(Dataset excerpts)
--- START ---
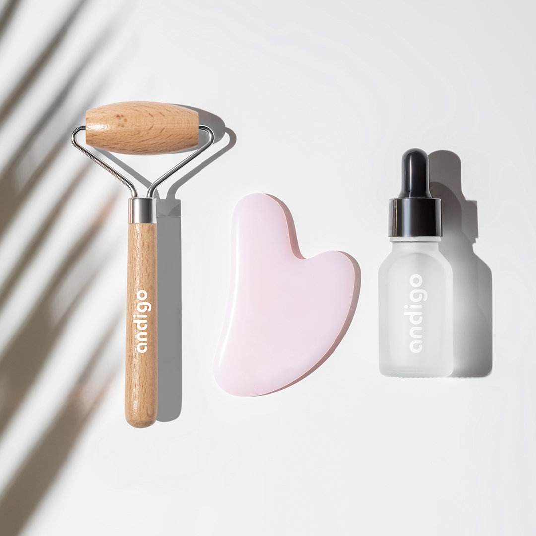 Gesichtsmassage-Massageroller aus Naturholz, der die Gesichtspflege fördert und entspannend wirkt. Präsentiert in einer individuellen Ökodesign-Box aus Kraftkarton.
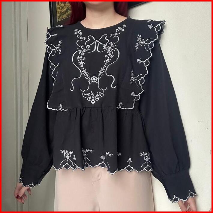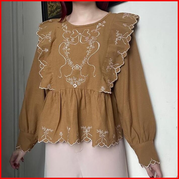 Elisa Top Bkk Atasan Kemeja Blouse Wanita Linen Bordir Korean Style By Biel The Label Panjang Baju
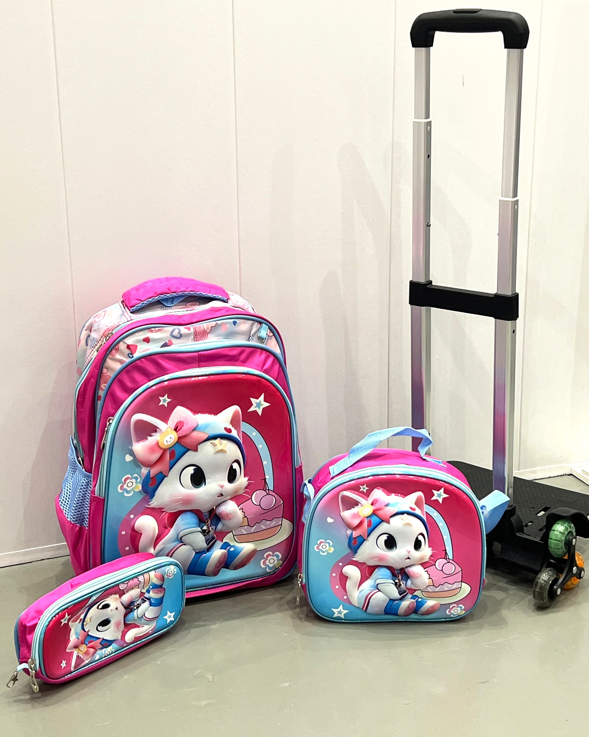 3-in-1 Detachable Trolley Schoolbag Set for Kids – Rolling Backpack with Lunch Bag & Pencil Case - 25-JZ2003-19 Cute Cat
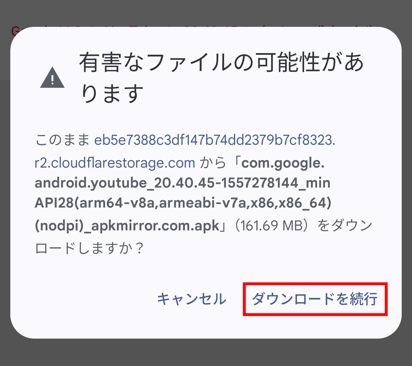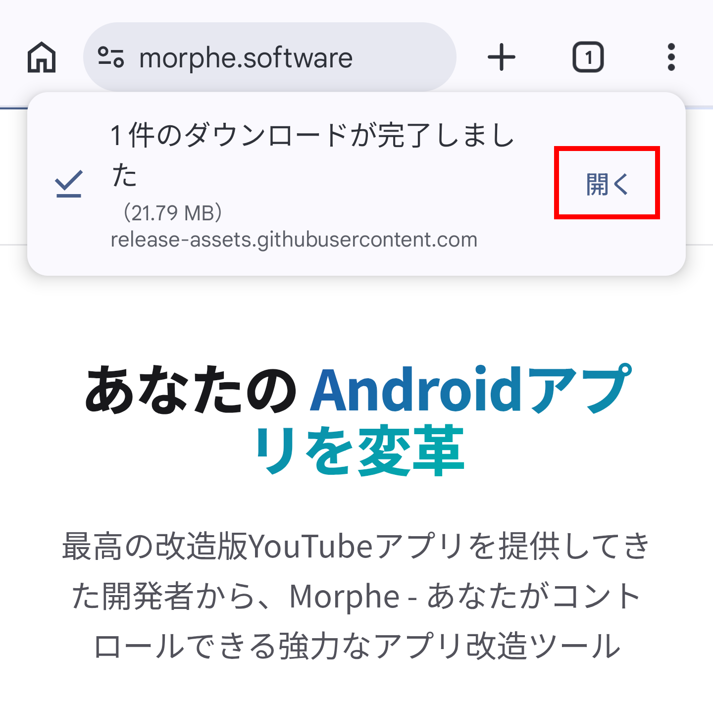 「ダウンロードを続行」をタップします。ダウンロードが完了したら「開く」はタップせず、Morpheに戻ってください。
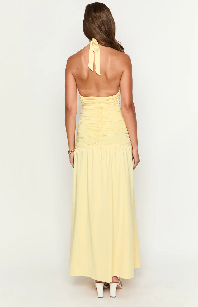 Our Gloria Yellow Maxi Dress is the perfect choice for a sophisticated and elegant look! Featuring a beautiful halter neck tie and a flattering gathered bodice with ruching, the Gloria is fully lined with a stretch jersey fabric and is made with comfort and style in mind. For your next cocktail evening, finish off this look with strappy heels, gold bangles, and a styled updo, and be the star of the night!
--- END ---
• [EXERCISE DESCRIPTION]
Repeat the records exactly, without the pictures.

• [ANSWER SPACE]
 Gesichtsmassage-Massageroller aus Naturholz, der die Gesichtspflege fördert und entspannend wirkt. Präsentiert in einer individuellen Ökodesign-Box aus Kraftkarton.
 Elisa Top Bkk Atasan Kemeja Blouse Wanita Linen Bordir Korean Style By Biel The Label Panjang Baju
 3-in-1 Detachable Trolley Schoolbag Set for Kids – Rolling Backpack with Lunch Bag & Pencil Case - 25-JZ2003-19 Cute Cat
 「ダウンロードを続行」をタップします。ダウンロードが完了したら「開く」はタップせず、Morpheに戻ってください。
 Our Gloria Yellow Maxi Dress is the perfect choice for a sophisticated and elegant look! Featuring a beautiful halter neck tie and a flattering gathered bodice with ruching, the Gloria is fully lined with a stretch jersey fabric and is made with comfort and style in mind. For your next cocktail evening, finish off this look with strappy heels, gold bangles, and a styled updo, and be the star of the night!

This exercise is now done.